I cut ties to Weight Watchers® online before I left, but I still follow PointsPlus® because it won’t take much more to get myself into a size 8.

I wasn’t about to let that ruin my vacay. There’s no shortage of healthy options on a ship. I ate cereal, fruit, yogurt, and salads. OK, one morning I had eggs Benedict.

They bake the breads and pastries fresh every day, with real butter for spreading.

And did I mention there’s liquor?

So I cheated. But no fried chicken or pizza. I haven’t had a decent slice of pizza since early 2012, and feared I’d lose it and binge because it’s always available.

One lunch I splurged on a hamburger and fries. Pasta twice, once Bolognese and once Asian. Two cookies.

Even being fairly careful, most days I’d pretty much blown through my daily points by mid-afternoon — if I were counting.

I watched plenty of morbidly obese passengers loading heaping plates of stuff buried under mayonnaise and gravy. They were my best motivation — particularly when they hung out around the pool later.

At dinner, I ordered mostly grilled fish or pork, with one lobster tail. I had quite a few chocolate desserts, but didn’t always finish.

Probably worse than the eating and drinking was not doing my usual 10,000 steps a day, although you’d think on a 958-ft. ship it would have been easier.

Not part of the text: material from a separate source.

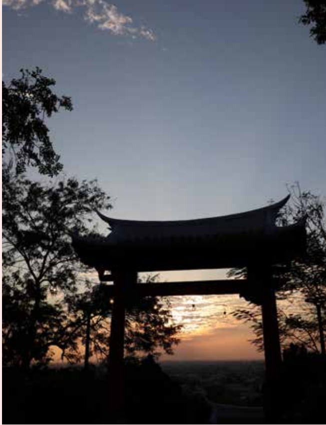
餘暉下的鳥居，美不勝收。

從何而來、又該往哪去，一個地方的永續仰賴人文歷史的價值。日據時代的神社主殿已不復見，但周邊的鳥居、石燈籠、高麗犬石雕、銅馬等，與民國時代改建的忠烈祠仍是重要保存歷史建築，雖然經過歲月的洗禮，難免有些老舊的痕跡，但也因數十年的光陰沉寂，園區尚保有原本的樣子，近年經員林市公所、參山處審慎評估，並與在地居民共同討論後，進行歷史建築修復。遊憩設施的部分，則改善老舊破損景觀設施，增設共融式的兒童遊具及體健設施，並完成入口廣場、植栽綠美化及照明設備的整建，盼百果山再次成為大家校外遠足、情侶約會、散步健走的觀光景點，恢復昔日榮景。

But I usually fell far short.

When I got home, I’d gained 2 lbs.

I’d laid in some Lean Cuisine® to ease myself into “normal” eating until I could hit Food Lion. The only fresh produce I had in the house was an onion.

So now it’s 5 days later and one of my ill-gotten pounds is already gone.

I’m hoping the week-long shock of eating more fat and animal protein will propel me further into the 120s and the coveted size 8s. Before the cruise, I was hopelessly plateauing.

But back to my initial question. Yes, you can watch your weight on a cruise, but you don’t have to go overboard about it.